На автопортрете 1629 года он изобразил себя с распущенными волосами — молодым, красивым, уверенным. Но я смотрел не на волосы. Я смотрел на глаза. Один глаз смотрит прямо, второй — чуть в сторону. Косит? Нет. Это взгляд художника, который пишет себя по зеркалу и на секунду переводит взгляд с отражения на холст. Он поймал этот момент перехода — и зафиксировал. Не стал исправлять. Оставил как есть. Потому что правда была важнее красоты.

И тогда я подумал: вот человек, который мог врать — и не врал. Мог льстить — и не льстил. Мог сделать карьеру при дворе — и сделал, но потерял себя. Мог писать «как Рембрандт» — и писал, но тосковал по своему. Он всё мог — и ничего не выбрал. Или выбрал не то. Или выбрал то, что было честнее.
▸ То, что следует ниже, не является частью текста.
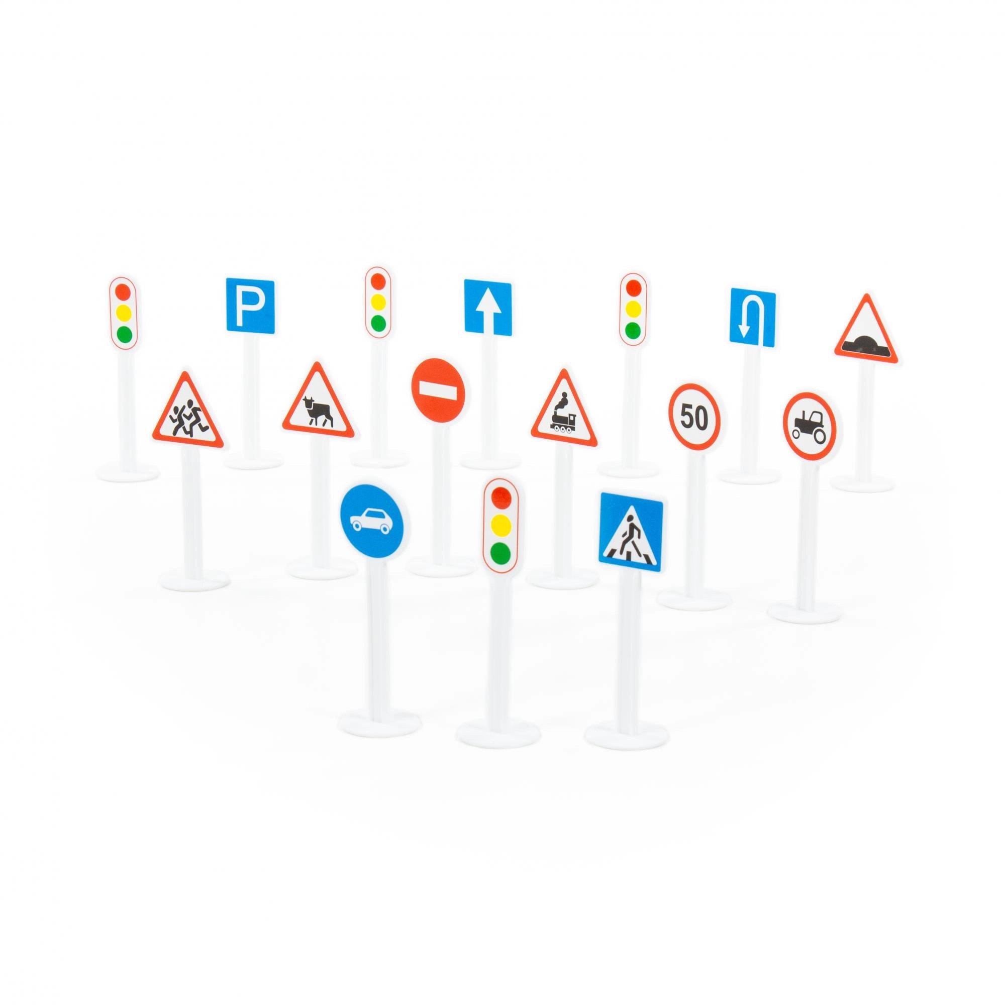 Questo set educativo di segnali stradali offre ai bambini un modo ludico per familiarizzare con le regole del traffico. Ogni segnale ha un pittogramma chiaro ed è montato su una base stabile, perfetto per giocare con le macchinine, attività didattiche e scenari modellati in classe.
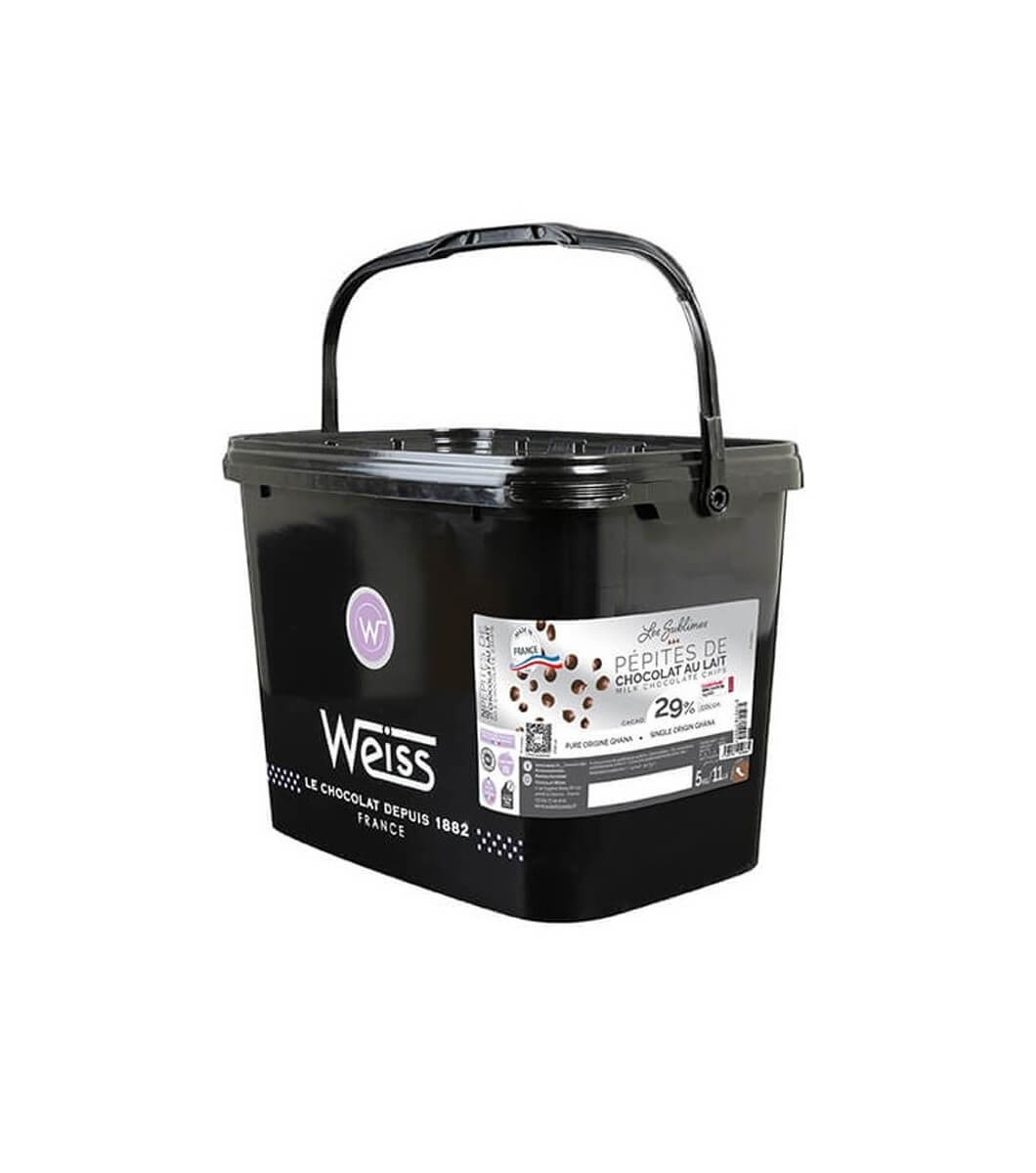 Mots-clés : pépites chocolat au lait 29%, chocolat pâtisserie, pépites cuisson professionnelle, chocolat Weiss Maroc, pépites gourmande
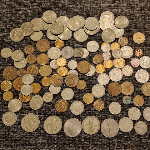 Erä pääsääntöisesti neuvostoliiton kolikoita. Joukossa myös muita, kuten keskuspankin muistokolikko 1962 ja Viron kruunuja.
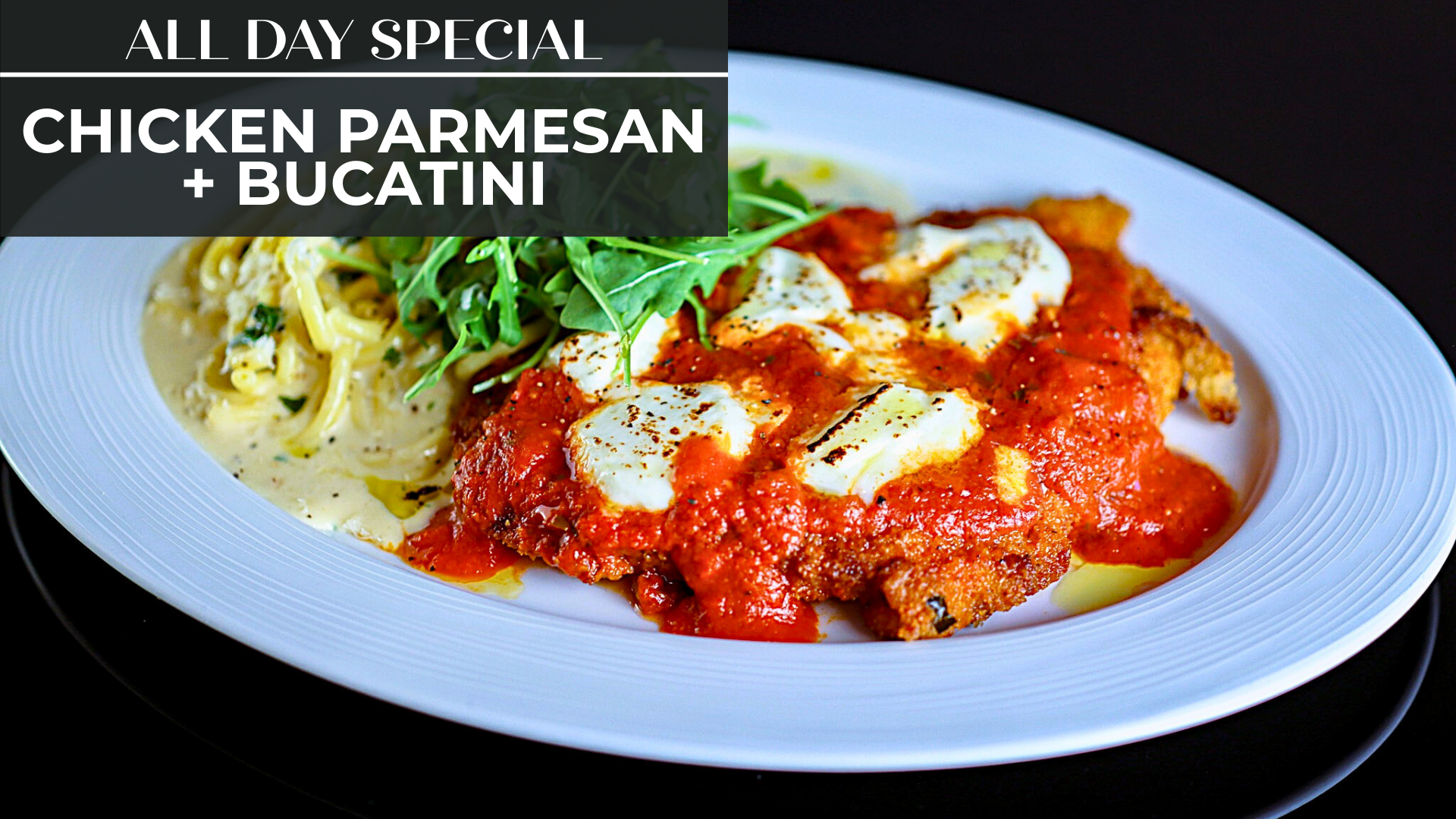 Herb + Panko Breaded • Pan Fried • Mozzarella • Pomodoro • Fresh Bucatini + Parmesan Cream • Basil • Arugula • EVOO
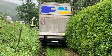 Das Fahrzeug blieb zwischen einer Gartenmauer und einer Böschung stecken
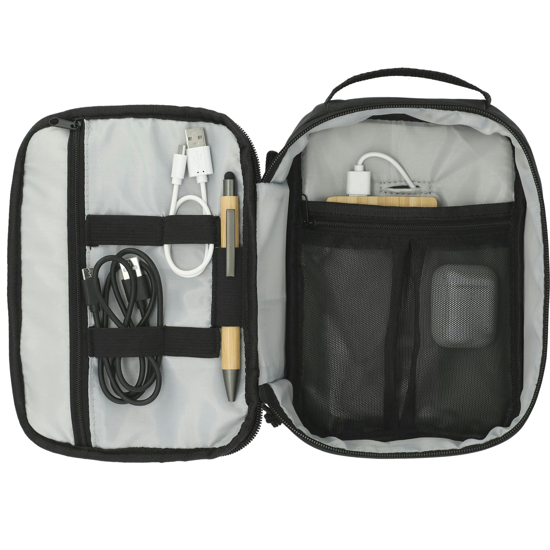 The RPET Tech Organizer is perfect for organizing and transporting power banks, earbuds, and any other electronic accessories. The case includes five elastic loops for storing charging cables and styluses, plus two zippered pockets. It also features a large zippered pocket and a half mesh pocket that’s perfect for earbuds. The slip pocket and cord passthrough let you store a power bank inside the case while your device is charging.

Эта книга — не попытка свергнуть Рембрандта с пьедестала. Рембрандт останется там, где стоял. Но рядом с ним, на том же пьедестале, есть место ещё для одного человека. Человека, который в пять лет нарисовал кошку — и она была живой. Который в двенадцать продал картину королю. Который в двадцать три процарапал черенком кисти седину на бороде старика — и этот старик до сих пор смотрит на нас из эрмитажного зала. Смотрит и молчит. Его авторство установили только в 1864 году — через двести лет после смерти. До этого он числился «неизвестным мастером лейденской школы». Возможно, последователем Рембрандта.

Возможно. А возможно — и нет.

Я пишу эту книгу ещё и потому, что в какой-то момент понял: я сам мог бы стать Ливенсом. Не Рембрандтом — тем, кто выбирает красоту вместо правды, маску вместо лица, чистые руки вместо въевшейся краски. И мне стало страшно. Потому что я не знаю, смог бы я выбрать иначе.

Возможно, это чистая работа Ливенса. Возможно, это его вершина. Возможно, мы просто не умеем смотреть.

Эта книга — попытка научиться.

Пролог

В Лейдене, где он родился, февральские сумерки наступали незаметно — как будто кто-то медленно закручивал фитиль в лампе, и мир угасал не рывком, а плавно, давая время привыкнуть. Ян Ливенс не любил это время суток — не потому что боялся темноты, а потому что темнота мешала работать. Света не хватало, и он знал, что в этом недостатке нет его вины — просто февраль в Лейдене не приспособлен для живописи, он создан для того, чтобы загонять людей в пивные у канала или под тяжёлую теплоту перин, но никак не для того, чтобы выискивать последний оттенок седины на виске у старика, который, впрочем, никуда не торопился. Старик позировал ему четвёртый вечер подряд, сидел на том же табурете, что и вчера, и позавчера, и неделю назад, когда они только начали этот портрет, — сидел и молчал, и молчание его было частью работы, таким же материалом, как охра, как умбра, как свинцовые белила, которые он не позволял себе экономить, потому что экономия на белилах есть первый признак ремесленника, а он не был ремесленником. Ему было двадцать три года, и он уже знал это совершенно точно.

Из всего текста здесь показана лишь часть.